**Task requirements:** Where an image appears in the data, omit it and reproduce the rest exactly.

**Given data:**
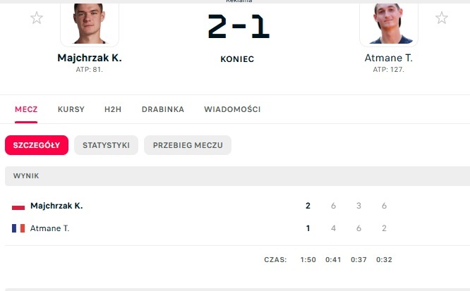 W I secie piotrkowianin pokonał Francuza 6-4, ale w drugiej odsłonie to rywal był lepszy i zwyciężył 6-3. W decydującym starciu Kamil dwukrotnie przełamał Atmana i wygrał 6-2. W 1/8 finału może trafić na wyżej notowanego Serba Laslo Djere (60. ATP) lub kwalifikanta Igacio Buse z Peru (167.ATP).
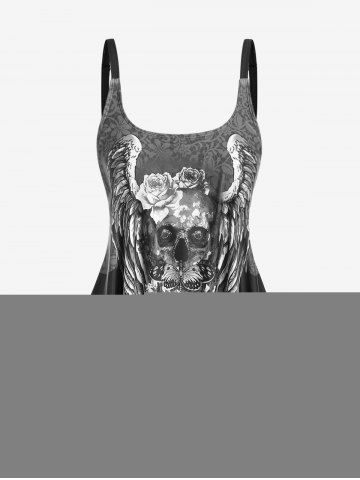 Plus Size Skull Rose Wing Print Cinched Boyshorts Tankini Swimsuit - Gris - Gris
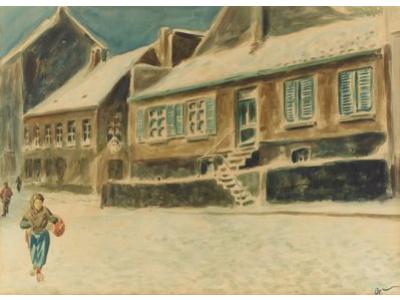 Het huis "De Preekstoel" te Oostende in de sneeuw
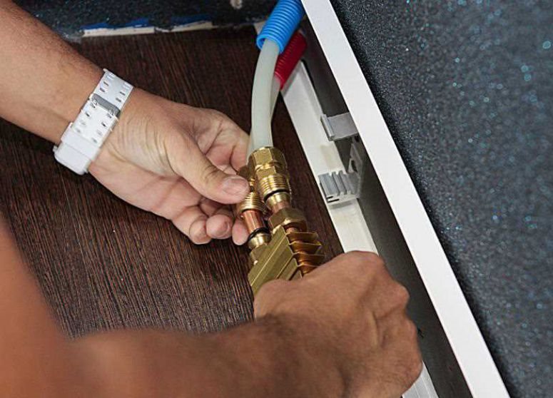 Le moyen le plus fiable de se connecter est tuyaux en cuivre soudés. Cette option convient également aux systèmes de chauffage central, car ces connexions peuvent supporter jusqu'à 30 bar. Le plus difficile est l'assemblage avec des raccords filetés: les dimensions et les distances entre les tubes et le mur sont petites, il est très peu pratique de travailler. Les conduites flexibles doivent être choisies fiables : le chauffage et l'eau chaude nécessitent une bonne qualité.

**Solution to this problem:**
 W I secie piotrkowianin pokonał Francuza 6-4, ale w drugiej odsłonie to rywal był lepszy i zwyciężył 6-3. W decydującym starciu Kamil dwukrotnie przełamał Atmana i wygrał 6-2. W 1/8 finału może trafić na wyżej notowanego Serba Laslo Djere (60. ATP) lub kwalifikanta Igacio Buse z Peru (167.ATP).
 Plus Size Skull Rose Wing Print Cinched Boyshorts Tankini Swimsuit - Gris - Gris
 Het huis "De Preekstoel" te Oostende in de sneeuw
 Le moyen le plus fiable de se connecter est tuyaux en cuivre soudés. Cette option convient également aux systèmes de chauffage central, car ces connexions peuvent supporter jusqu'à 30 bar. Le plus difficile est l'assemblage avec des raccords filetés: les dimensions et les distances entre les tubes et le mur sont petites, il est très peu pratique de travailler. Les conduites flexibles doivent être choisies fiables : le chauffage et l'eau chaude nécessitent une bonne qualité.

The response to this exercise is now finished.